Take in the absolute ethyl alcohol that 10g or so polymer emulsions are added dropwise in about 300ml stirrings, there are a large amount of white solids Separate out, suction filtration drying much filtrate after standing a few hours, it is 34.6% to be measured with weight method and can separate out solid content; Emulsion is directly used into total salinity 180000mg/L (wherein Ca2++Mg2+Salt solution 5000mg/L) is made into 0.15% Solution, stirring several minutes can obtain homogeneous solution, at 90 DEG C use Brookfield viscometer, shear rate 7.34s-1 Under the apparent viscosity that measures be 41mPas, 90 DEG C of viscosity retention ratios after aging 30 days are 90.3%.
【Embodiment 6】
192g kerosene, 32g Span80,4.2g Tween80, HLB value=5.5, propylene are first added in a kettle. Sour octadecyl ester 2.6g, AIBN0.5g, stir to being mixed thoroughly, and control temperature in the kettle for 21 DEG C, and stirring turns Speed is 200rpm.168g deionized waters, disodium ethylene diamine tetraacetate (EDTA) are first added in other container 0.1g, 2- acrylamide-2-methylpro panesulfonic acid (AMPS) 29.3g, acrylamide (AM) 152g, acryloyl Oxy-ethyl-trimethyl salmiac 12g, stirring to being mixed thoroughly, with the equimolar NaOH of AMPS (NaOH) neutralized and pH is adjusted to 7, added the poly- second that the trade mark is K30 (molecular weight about 40000) Vinyl pyrrolidone (PVP) 1.92g is simultaneously stirred standby as aqueous phase solution to being mixed thoroughly.This solution is delayed In slow input reactor, stirring is increased to rotating speed 1000rpm emulsification 30min, rotating speed is then down to 300rpm, First instill concentration be 10% ammonium persulfate (APS) aqueous solution 4.1g, 5min after be slowly dropped into 1% sulfurous acid Hydrogen sodium (MBS) aqueous solution 12.3g, reaction temperature is raised slowly to 56 DEG C during this, and bath temperature is risen to 50 DEG C carry out insulation reaction, are discharged after 4 hours, and product is White-opalescent emulsion form system, can stablize storage half More than year.

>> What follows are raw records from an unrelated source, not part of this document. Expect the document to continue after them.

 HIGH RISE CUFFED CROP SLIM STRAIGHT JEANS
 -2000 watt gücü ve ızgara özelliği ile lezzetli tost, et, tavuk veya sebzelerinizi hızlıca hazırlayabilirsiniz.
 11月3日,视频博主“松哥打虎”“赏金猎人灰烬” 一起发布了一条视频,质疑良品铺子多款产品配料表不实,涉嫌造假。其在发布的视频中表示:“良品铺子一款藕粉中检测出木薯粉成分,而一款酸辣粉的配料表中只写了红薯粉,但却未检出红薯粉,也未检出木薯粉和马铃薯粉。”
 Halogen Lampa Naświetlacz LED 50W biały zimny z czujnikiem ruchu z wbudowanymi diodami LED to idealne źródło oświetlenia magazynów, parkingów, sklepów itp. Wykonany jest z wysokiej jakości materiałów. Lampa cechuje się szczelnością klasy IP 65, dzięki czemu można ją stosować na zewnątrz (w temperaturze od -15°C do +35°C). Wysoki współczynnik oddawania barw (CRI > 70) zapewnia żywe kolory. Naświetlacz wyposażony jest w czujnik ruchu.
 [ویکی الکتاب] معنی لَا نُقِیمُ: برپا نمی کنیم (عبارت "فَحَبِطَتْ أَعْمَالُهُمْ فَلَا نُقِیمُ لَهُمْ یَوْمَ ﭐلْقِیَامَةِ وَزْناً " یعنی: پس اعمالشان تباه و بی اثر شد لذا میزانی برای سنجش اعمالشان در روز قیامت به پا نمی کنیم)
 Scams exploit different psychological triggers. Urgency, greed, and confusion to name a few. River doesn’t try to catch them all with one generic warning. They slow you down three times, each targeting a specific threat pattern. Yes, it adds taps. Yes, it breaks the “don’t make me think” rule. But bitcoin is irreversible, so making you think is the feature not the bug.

Take in the absolute ethyl alcohol that 10g or so polymer emulsions are added dropwise in about 300ml stirrings, there are a large amount of white solids to analyse Go out, suction filtration drying much filtrate after standing a few hours, it is 34.6% to be measured with weight method and can separate out solid content;Will Emulsion directly uses total salinity 180000mg/L (wherein Ca2++Mg2+Salt solution 5000mg/L) is made into 0.15% Solution, stirring several minutes can obtain homogeneous solution, at 90 DEG C use Brookfield viscometer, shear rate 7.34s-1 Under the apparent viscosity that measures be 43mPas, 90 DEG C of viscosity retention ratios after aging 30 days are 93.2%.
【Embodiment 7】
In a kettle. first add 190g hexamethylenes, 24.14g Span80,7.06g Tween60, HLB value=6.7, Stirring controls temperature in the kettle for 21 DEG C to being mixed thoroughly, and speed of agitator is 200rpm.In other container It is middle first to add 162g deionized waters, disodium ethylene diamine tetraacetate (EDTA) 0.16g, 2- acrylamido -2- first Base propane sulfonic acid (AMPS) 42g, acrylamide (AM) 148g, hexadecyldimethyl benzyl ammonium allyl ammonium chloride 1.2g, Stirring to being mixed thoroughly, with being neutralized with the equimolar NaOH of AMPS (NaOH) and by pH 7 are adjusted to, the trade mark are added for polyvinyl alcohol (PVA) 1.26g of 1788 (molecular weight about 80000) and is stirred extremely It is mixed thoroughly standby as aqueous phase solution.During this solution slowly put into reactor, stirring is increased to rotating speed 1000rpm emulsifies 30min, and rotating speed then is down into 300rpm, first instills the ammonium persulfate that concentration is 10% (APS) 1% sodium hydrogensulfite (MBS) aqueous solution 19.8g is slowly dropped into after aqueous solution 3.2g, 5min, this During reaction temperature be raised slowly to 54 DEG C, bath temperature is risen into 55 DEG C carries out insulation reaction, goes out after 5 hours Material, product is White-opalescent emulsion form system, can stablize and deposit more than half a year.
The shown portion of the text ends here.